Sam truly did not know Rodya, that much was certain, but his dressing room was warm, and comfortable despite the wooden couch arm digging into his side, though he supposed he could forgive the couch for being uncomfortable to lie on, very few couches were particularly comfortable for someone Dmitri sized. And despite his ignorance, Sam was pleasant.
So Dmitri thanked him, and before he left said he would visit again, to which Sam smiled magnanimously.
Notes:
Right now, depending on what your personal belief is, Fyodor Dostoevsky is either in universalist heaven glaring at a polish catholic, in catholic hell glaring at a socialist, or spinning in his grave at how I’ve taken a meat cleaver to his book. Or maybe he’s too busy spinning in his grave over the sheer amount of gay smut there is in this fandom. Seriously guys, do you need to go to horny jail? Or are you currently in horny jail writing a ras/raz horny jail au.

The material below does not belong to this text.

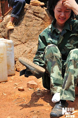 每次送完水,王坤吉都要整理一下鞋,水和土落在鞋里和成了泥。本文图片由刘昕、杨雷、吴邦纯、贾松基拍摄
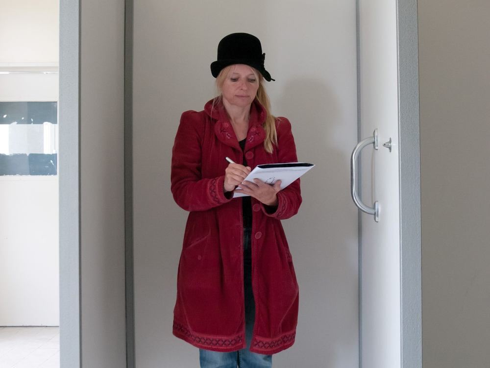 Mirja Wellmann protokolliert die Geräusche des Duschraums. FOTO: WOLF NKOLE

In any case, I think we collectively deserve a Nobel prize.
You might have to accept it remotely, on a video call from horny jail.Wow it must be nearing the end of this fic if I’ve started actually writing authors notes again. At least authors notes that are my usual levels of rambley.
Chapter 20: The pear tree and the fig tree’s branches intertwine
Notes:
Two chapters in a week! (I think?) is this a blessing or do I not have a schedule that I upload this on?

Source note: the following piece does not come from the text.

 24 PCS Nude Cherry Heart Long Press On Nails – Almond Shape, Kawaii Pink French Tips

Anyway they say to write what you know, and what I know is moderately dysfunctional family dynamics and panic attacks so that’s what you are getting.
(And the title? Is that - a reference to both the bell jar anddd their eyes were watching god?? If anyone can count up how many references to those two books there are in this i will do absolutely nothing, or maybe I will dedicate an authors note to you. Who knows I might write a mediocre poem for you. Or maybe I won’t. just know there’s lots of references.)
Also Svidrigailov will be in this from this chapter on, I hate him but he’s useful so I don’t have a choice. The circus really didn’t want him
(See the end of the chapter for more notes.)
Chapter Text
She clutched Sofie’s shoulder, tense as she stood, trying to steady herself, trying to stay cool and professional despite the heat and despite the growing desire to run.
Despite her best efforts, her voice was still shaky. It was a dog in a thunderstorm, trembling, helpless against nature. “Hello sir, do you have an appointment?”
“Avdotya, do you not remember me?” Before she could say anything he continued. “It would likely be better if you didn’t.” He chuckled a self deprecating little laugh.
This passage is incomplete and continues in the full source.